During the Relevant Period, Trident permitted its RRs to recommend steepeners to their customers even though Trident failed to ensure that its RRs had sufficient knowledge of steepeners prior to offering those products for sale.

 

Fact is, Trident itself didn’t have sufficient knowledge of the product, particularly the risks associated with steepeners, including the risks associated with interest rate resets, the possibility that the reset interest rate could drop to as low as zero, and the potentially illiquid nature of steepeners in the secondary market, among other risks.

 

FINANCIALISH TAKE AWAYS.    This case isn’t the first time that FINRA has addressed the unsuitability of steepeners. For example, in December 2016, FINRA reported disciplinary actions against Investors Capital Corp. for unsuitable sales of steepeners.

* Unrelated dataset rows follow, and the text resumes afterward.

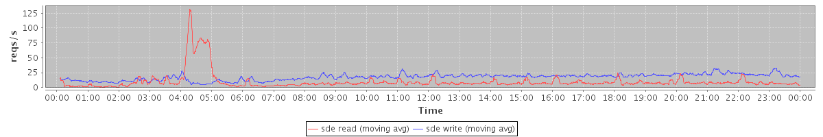 avg(sda read) = 28.36 avg(sda write) = 285.60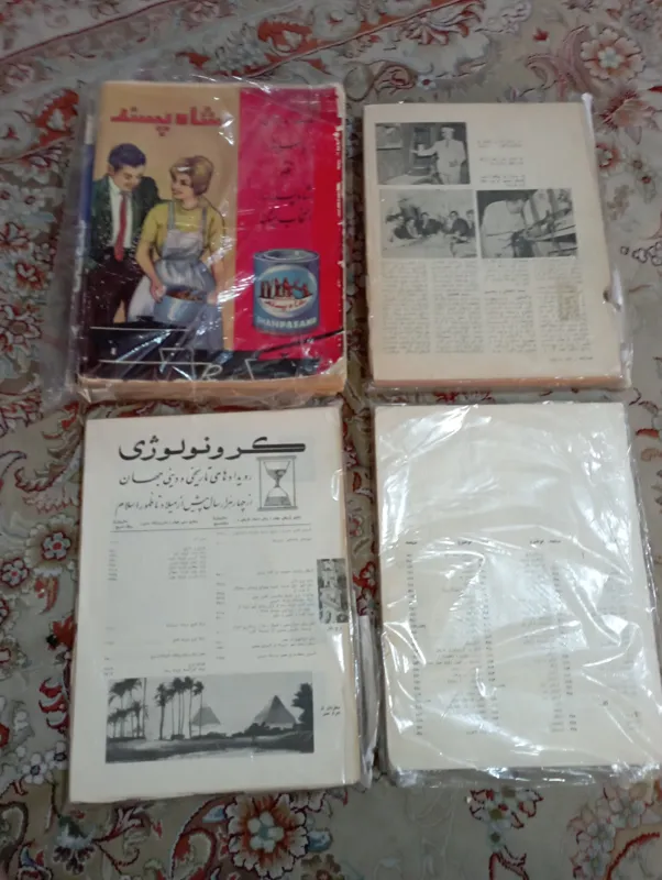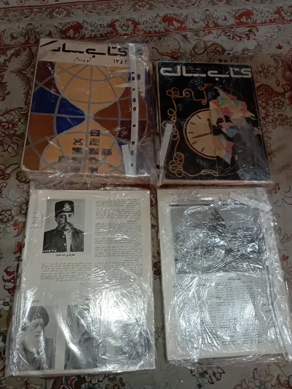 نایاب و کلا ناقص از سالهای مختلف هستند. با قطرها و صفحات کم و زیادند. مجموعا 1000 ص یا بیشترند با عکس های خوب و عالی. برای استفاده ناقصی مجلدهای قدیمی و خراب یا تحقیقات شخصی عالی هستند. تاریخشان دهه 40 هست. 4 قسمت مختلف و نامربوط هستند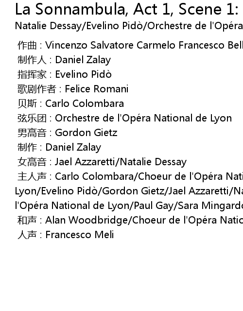| [00:00.000] | zhu ren sheng : Carlo Colombara Choeur de l' Ope ra National de Lyon Evelino Pido Gordon Gietz Jael Azzaretti Natalie Dessay Orchestre de l' Ope ra National de Lyon Paul Gay Sara Mingardo |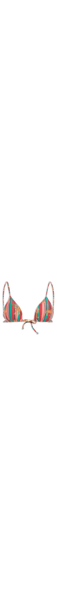 O top vermelho é confeccionado em malha com alta elasticidade. A peça de modelo cortininha possui alças finas, mix de estampas em cores contrastantes, laterais finas e fechamento posterior por amarração.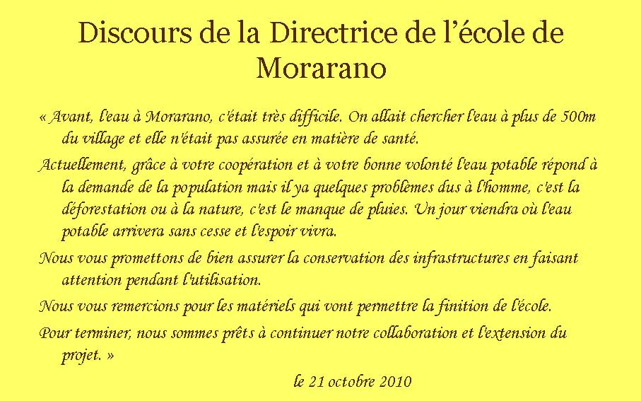 Lors de la visite de Suzanne et Jean-Marc Spiedel en octobre 2010, Le montant de la recette de la brocante d'Epinay a servi à équiper une école (peinture, faux plafond ..) travaux réalisés en octobre .

The firm was fined $250,000 in fines and ordered to pay $841,000 in restitution – in addition to $224,000 in restitution that it previously paid). [FINRA Case #2013035035901]

 

In October 2014, FINRA EVP Susan Axelrod warned a SIFMA Complex Products Forum about “new and emerging complex products” -  most notably, steepeners.

 

And in a November 2011 Investor Alert, FINRA discusses the pitfalls of Chasing Return in a Challenging Investment Environmentwith structured retail products, such as steepeners.

 

This case was reported in FINRA Disciplinary Actions for September 2017.

For details on this case, go to ...  FINRA Disciplinary Actions Online, and refer to Case #2012030775201.